The sequence of numbers in the order in which they are written by you in the text of the review at the place of the gaps, write down in the answer sheet No. 1 to the right of the task number B8, starting from the first cell.

“The use by the narrator to describe the blizzard of such a lexical means of expression as _____ ("terrible blizzard", "impenetrable darkness"), gives expressive power to the depicted picture, and such paths as _____ ("pain circled me" in sentence 20) and _____ ("the driver began to scream shrillly, like a woman" in sentence 15), convey the drama of the situation described in the text . A technique such as _____ (in sentence 34) enhances the emotional impact on the reader.

TROPE

Trope is a word or expression used figuratively to create artistic image and achieve greater expressiveness. Pathways include techniques such as epithet, comparison, personification, metaphor, metonymy, sometimes referred to as hyperbolas and litotes. No work of art is complete without tropes. The artistic word is polysemantic; the writer creates images, playing with the meanings and combinations of words, using the environment of the word in the text and its sound - all this makes up the artistic possibilities of the word, which is the only tool of the writer or poet.
Note! When creating a trail, the word is always used in a figurative sense.
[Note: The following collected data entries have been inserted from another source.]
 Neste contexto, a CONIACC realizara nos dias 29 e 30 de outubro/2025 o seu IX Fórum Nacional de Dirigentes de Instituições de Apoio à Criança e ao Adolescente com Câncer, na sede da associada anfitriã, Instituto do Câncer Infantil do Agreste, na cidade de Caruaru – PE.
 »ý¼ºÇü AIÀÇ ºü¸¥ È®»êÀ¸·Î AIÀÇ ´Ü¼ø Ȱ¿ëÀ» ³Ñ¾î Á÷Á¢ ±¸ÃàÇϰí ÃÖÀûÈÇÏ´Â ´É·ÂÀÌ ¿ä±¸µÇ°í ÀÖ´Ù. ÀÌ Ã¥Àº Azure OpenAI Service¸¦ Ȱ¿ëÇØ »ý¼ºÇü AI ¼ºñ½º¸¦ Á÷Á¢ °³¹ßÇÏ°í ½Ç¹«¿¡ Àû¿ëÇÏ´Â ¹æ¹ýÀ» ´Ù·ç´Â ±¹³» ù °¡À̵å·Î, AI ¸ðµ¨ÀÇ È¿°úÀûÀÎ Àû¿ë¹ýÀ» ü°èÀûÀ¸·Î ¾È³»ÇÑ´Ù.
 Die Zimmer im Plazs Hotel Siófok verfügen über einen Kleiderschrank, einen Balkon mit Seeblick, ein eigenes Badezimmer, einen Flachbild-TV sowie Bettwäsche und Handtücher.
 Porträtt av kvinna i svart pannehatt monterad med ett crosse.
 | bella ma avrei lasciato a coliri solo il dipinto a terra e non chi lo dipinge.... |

Consider different types trails:

EPITHET(Greek Epitheton, attached) - this is one of the tropes, which is an artistic, figurative definition. An epithet can be:
adjectives: gentle face (S. Yesenin); these poor villages, this meager nature ... (F. Tyutchev); transparent maiden (A. Blok);
participles: edge abandoned(S. Yesenin); frantic dragon (A. Blok); takeoff radiant(M. Tsvetaeva);
nouns, sometimes together with their surrounding context: Here he is, leader without squad(M. Tsvetaeva); My youth! My dove is swarthy!(M. Tsvetaeva).
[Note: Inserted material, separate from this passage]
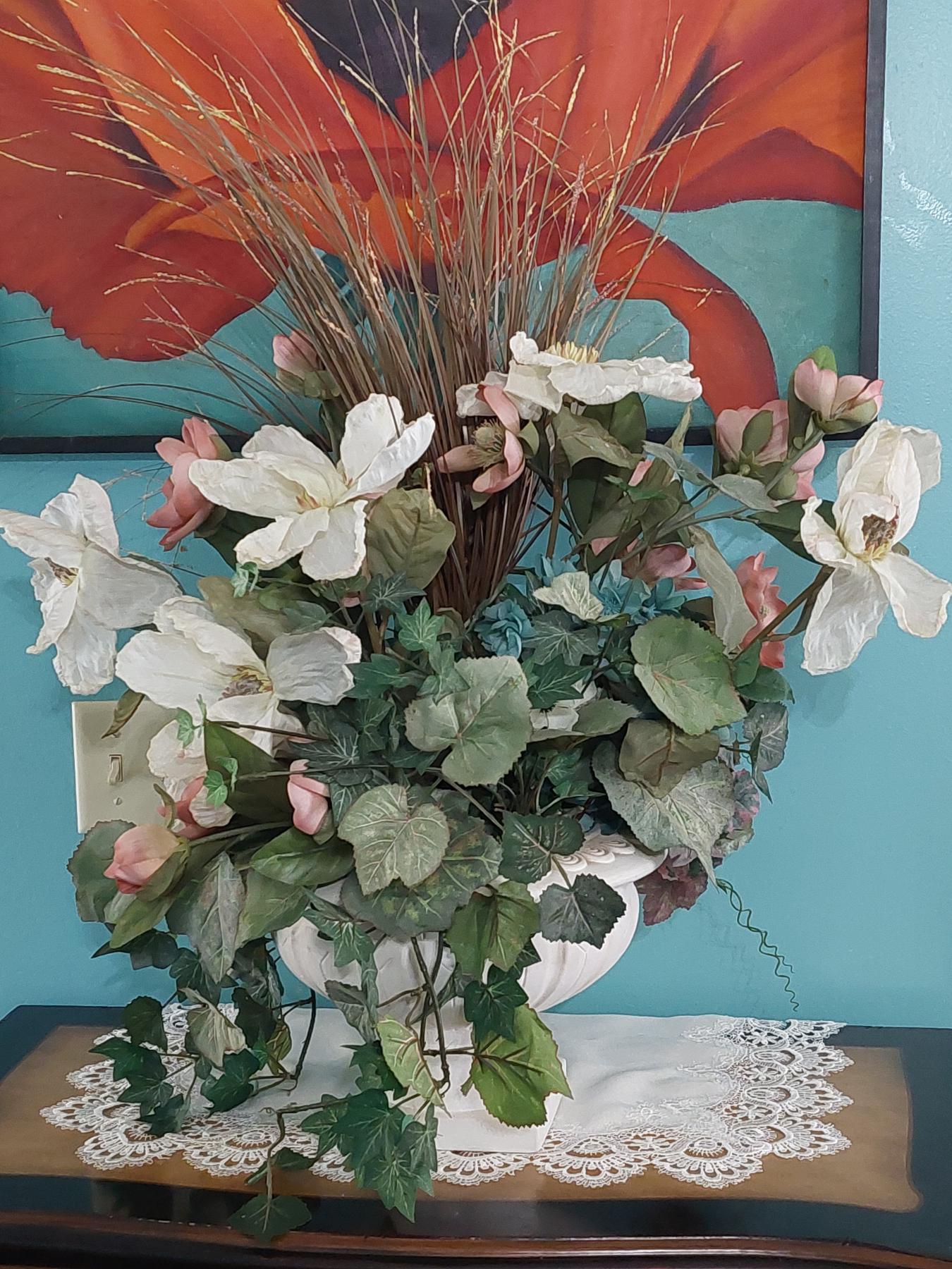 Floral Decorated 13" Vase As Shown - 32" Overall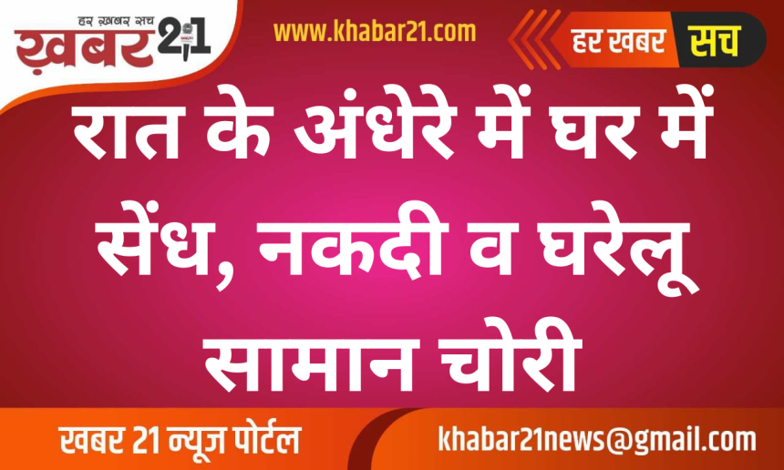 रात के अंधेरे में घर में सेंध, नकदी व घरेलू सामान चोरी

Each epithet reflects the uniqueness of the author's perception of the world, therefore it necessarily expresses some kind of assessment and has a subjective meaning: a wooden shelf is not an epithet, so there is no artistic definition, a wooden face is an epithet that expresses the impression of the interlocutor speaking about the facial expression, that is, creating an image.
There are stable (permanent) folklore epithets: remote burly kind well done, clear the sun, as well as tautological, that is, epithets-repetitions that have the same root with the word being defined: Oh you, grief is bitter, boredom is boring, mortal! (A. Blok).
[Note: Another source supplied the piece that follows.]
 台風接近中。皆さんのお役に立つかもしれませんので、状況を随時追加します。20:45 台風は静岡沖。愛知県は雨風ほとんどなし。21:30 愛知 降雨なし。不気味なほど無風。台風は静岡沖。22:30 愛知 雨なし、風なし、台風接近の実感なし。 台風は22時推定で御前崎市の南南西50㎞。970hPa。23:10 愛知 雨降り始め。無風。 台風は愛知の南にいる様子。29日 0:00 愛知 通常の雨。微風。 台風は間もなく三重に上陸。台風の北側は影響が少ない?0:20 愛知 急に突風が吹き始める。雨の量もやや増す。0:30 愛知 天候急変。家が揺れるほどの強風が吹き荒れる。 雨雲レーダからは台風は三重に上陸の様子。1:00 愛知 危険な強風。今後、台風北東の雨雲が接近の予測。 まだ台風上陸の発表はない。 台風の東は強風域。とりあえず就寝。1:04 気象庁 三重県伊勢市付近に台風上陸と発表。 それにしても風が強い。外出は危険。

IN work of art An epithet can perform various functions:

  • characterize the subject: shining eyes, eyes diamonds;
  • create atmosphere, mood: gloomy morning;
  • convey the attitude of the author (narrator, lyrical hero) to the subject being characterized: "Where will our prankster"(A. Pushkin);
  • combine all previous functions in equal proportions (in most cases, the use of the epithet).

Note! Everything color terms in a literary text are epithets.

COMPARISON- this is an artistic technique (tropes), in which an image is created by comparing one object with another. Comparison differs from other artistic comparisons, for example, similes, in that it always has a strict formal feature: a comparative construction or a turnover with comparative conjunctions. as, as if, as if, exactly, as if and the like. Type expressions he looked like... cannot be considered a comparison as a trope.

Comparison examples:

Comparison also plays certain roles in the text: sometimes authors use the so-called extended comparison, revealing various signs of a phenomenon or conveying one's attitude to several phenomena. Often the work is entirely based on comparison, as, for example, V. Bryusov's poem "Sonnet to Form":

PERSONALIZATION- artistic technique (tropes), in which inanimate object, a phenomenon or concept is given human properties (do not confuse, it is human!). Personification can be used narrowly, in one line, in a small fragment, but it can be a technique on which the whole work is built (“You are my abandoned land” by S. Yesenin, “Mom and the evening killed by the Germans”, “Violin and a little nervously” by V. Mayakovsky and others). Personification is considered one of the types of metaphor (see below).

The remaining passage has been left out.